What each line means

  • module my_app; gives the file a module name.
  • import lib/std std; imports the std package and aliases it to std.
  • fn main() -> i32 is the entrypoint.
  • std.exit(0) exits the process cleanly.

Compile it

novus main.nov

You should get output in:

build/<target>/

For example on macOS arm64:

build/darwin_arm64/main

Run it:

./build/darwin_arm64/main

Add a second function

module my_app;

import lib/std std;

fn greet(name: str) -> void {
    std.print("Hello " + name);
}

fn main() -> i32 {
    greet("Novus");
    std.exit(0);
    return 0;
}

What libraries.conf does

Nox keeps your dependencies in libraries.conf.

Modern projects often contain lines like:

installed=std

pkg:std:source=registry
pkg:std:url=https://github.com/MJDaws0n/novus-std
pkg:std:version=1.3.0

This file is important because it tells Nox:

  • which packages are installed
  • where they came from
  • which version to use

Pull another package

nox pull window

That places the package into lib/window/ and updates libraries.conf.

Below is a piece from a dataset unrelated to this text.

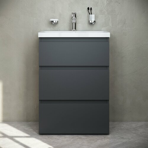 Тумба с раковиной AM.PM Gem S 60 графит матовый, напольная, с 3 ящиками
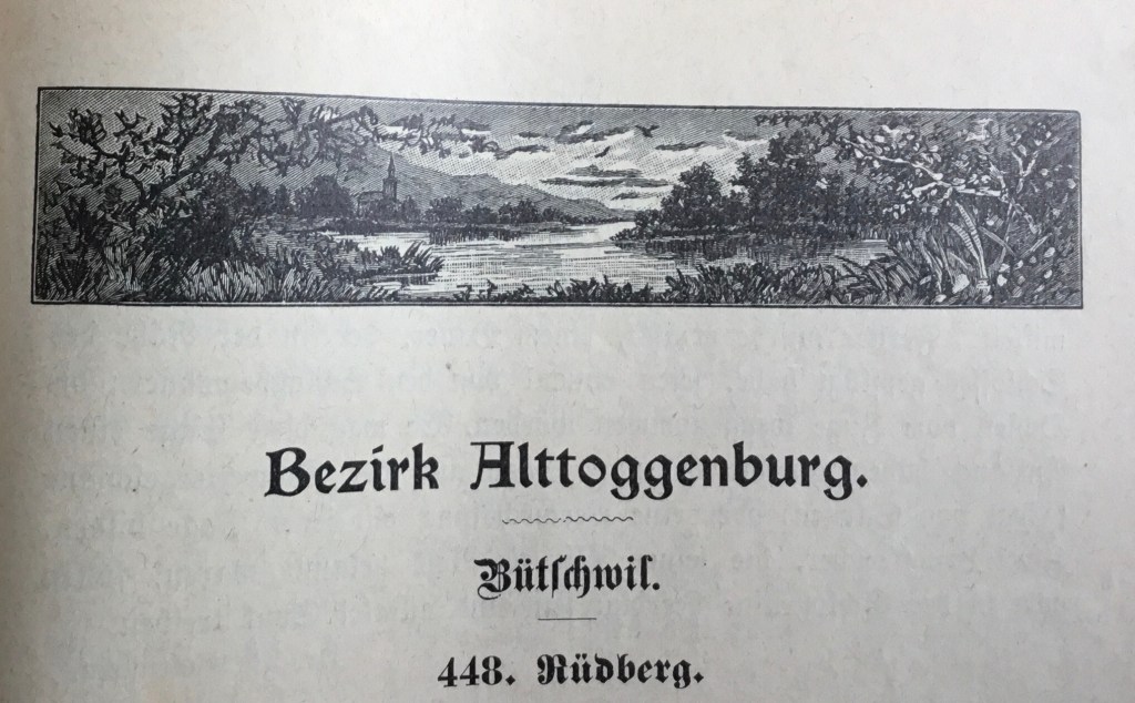 At the mouth of the Tobelackerbach stream, Castle Rüdberg (Hunting Dog Mountain) stood upon a crag above the River Thur. Sparse remains indicate its location. Even 100 years ago, suicides were buried in its vicinity, which is why the place does not enjoy the best reputation in popular belief. Yet it holds great treasures. Three strong and courageous men who once spent a night in the old walls digging for gold declared that they would not repeat the dare at any price.

At that point your code can import it:

import lib/window/main window;

Common beginner mistakes

  1. Running novus from the wrong directory.
  2. Forgetting to run nox init first.
  3. Editing code while an old lib/ directory is still checked in from a previous package version.
  4. Mixing old and new import styles without checking the package entrypoint.